Exercise>
Each line from the one holding "Deze elegante trui" to the last line below must be restated word for word, and no picture may be included.

Provided data>
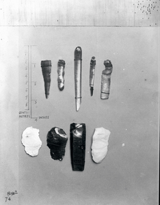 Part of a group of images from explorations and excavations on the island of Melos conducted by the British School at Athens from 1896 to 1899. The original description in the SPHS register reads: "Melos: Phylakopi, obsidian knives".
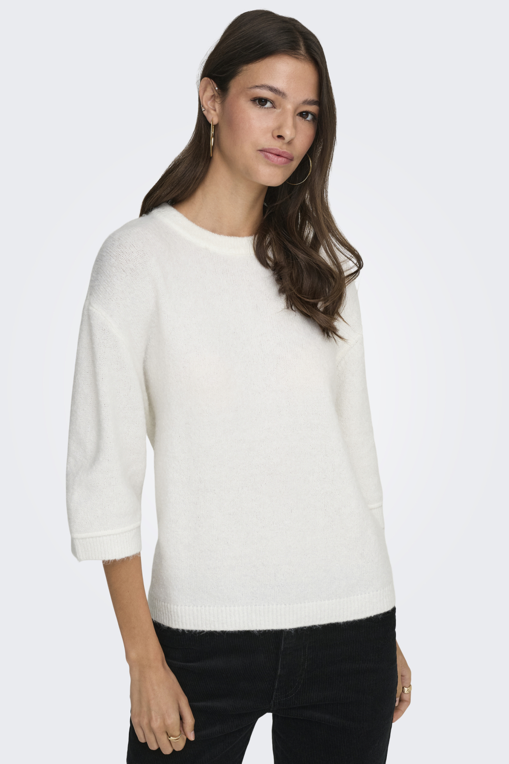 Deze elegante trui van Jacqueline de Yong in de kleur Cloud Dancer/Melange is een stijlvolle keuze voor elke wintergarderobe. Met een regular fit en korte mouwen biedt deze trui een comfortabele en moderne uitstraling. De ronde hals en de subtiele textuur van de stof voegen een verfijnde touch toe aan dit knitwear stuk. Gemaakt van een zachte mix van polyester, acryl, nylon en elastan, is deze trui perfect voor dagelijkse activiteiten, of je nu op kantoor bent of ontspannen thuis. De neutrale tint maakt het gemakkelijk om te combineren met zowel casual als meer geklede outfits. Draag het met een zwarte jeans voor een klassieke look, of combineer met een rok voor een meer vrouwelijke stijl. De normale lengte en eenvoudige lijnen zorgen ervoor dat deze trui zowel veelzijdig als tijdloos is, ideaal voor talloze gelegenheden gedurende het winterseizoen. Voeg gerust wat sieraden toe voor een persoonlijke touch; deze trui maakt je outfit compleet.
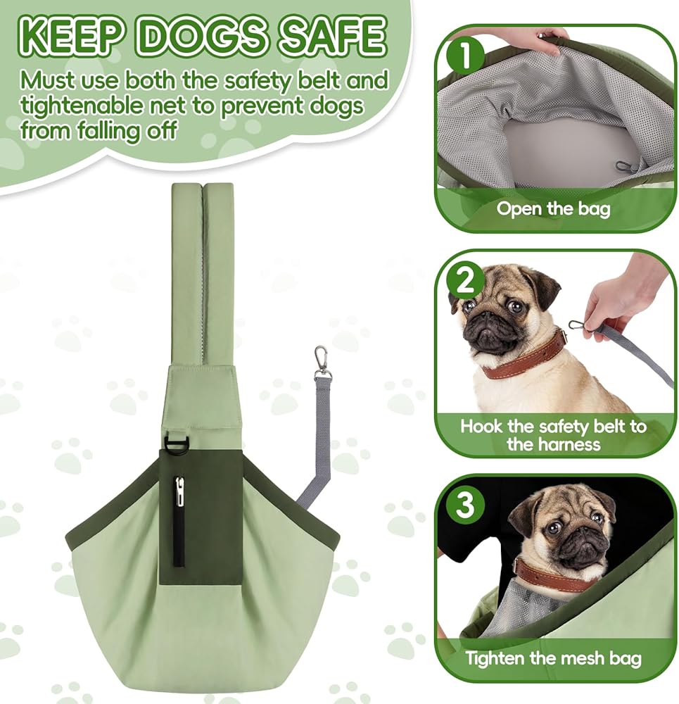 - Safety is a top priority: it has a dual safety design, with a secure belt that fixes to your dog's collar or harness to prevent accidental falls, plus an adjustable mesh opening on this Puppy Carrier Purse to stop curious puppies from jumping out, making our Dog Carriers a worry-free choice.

Final answer>
 Deze elegante trui van Jacqueline de Yong in de kleur Cloud Dancer/Melange is een stijlvolle keuze voor elke wintergarderobe. Met een regular fit en korte mouwen biedt deze trui een comfortabele en moderne uitstraling. De ronde hals en de subtiele textuur van de stof voegen een verfijnde touch toe aan dit knitwear stuk. Gemaakt van een zachte mix van polyester, acryl, nylon en elastan, is deze trui perfect voor dagelijkse activiteiten, of je nu op kantoor bent of ontspannen thuis. De neutrale tint maakt het gemakkelijk om te combineren met zowel casual als meer geklede outfits. Draag het met een zwarte jeans voor een klassieke look, of combineer met een rok voor een meer vrouwelijke stijl. De normale lengte en eenvoudige lijnen zorgen ervoor dat deze trui zowel veelzijdig als tijdloos is, ideaal voor talloze gelegenheden gedurende het winterseizoen. Voeg gerust wat sieraden toe voor een persoonlijke touch; deze trui maakt je outfit compleet.
 - Safety is a top priority: it has a dual safety design, with a secure belt that fixes to your dog's collar or harness to prevent accidental falls, plus an adjustable mesh opening on this Puppy Carrier Purse to stop curious puppies from jumping out, making our Dog Carriers a worry-free choice.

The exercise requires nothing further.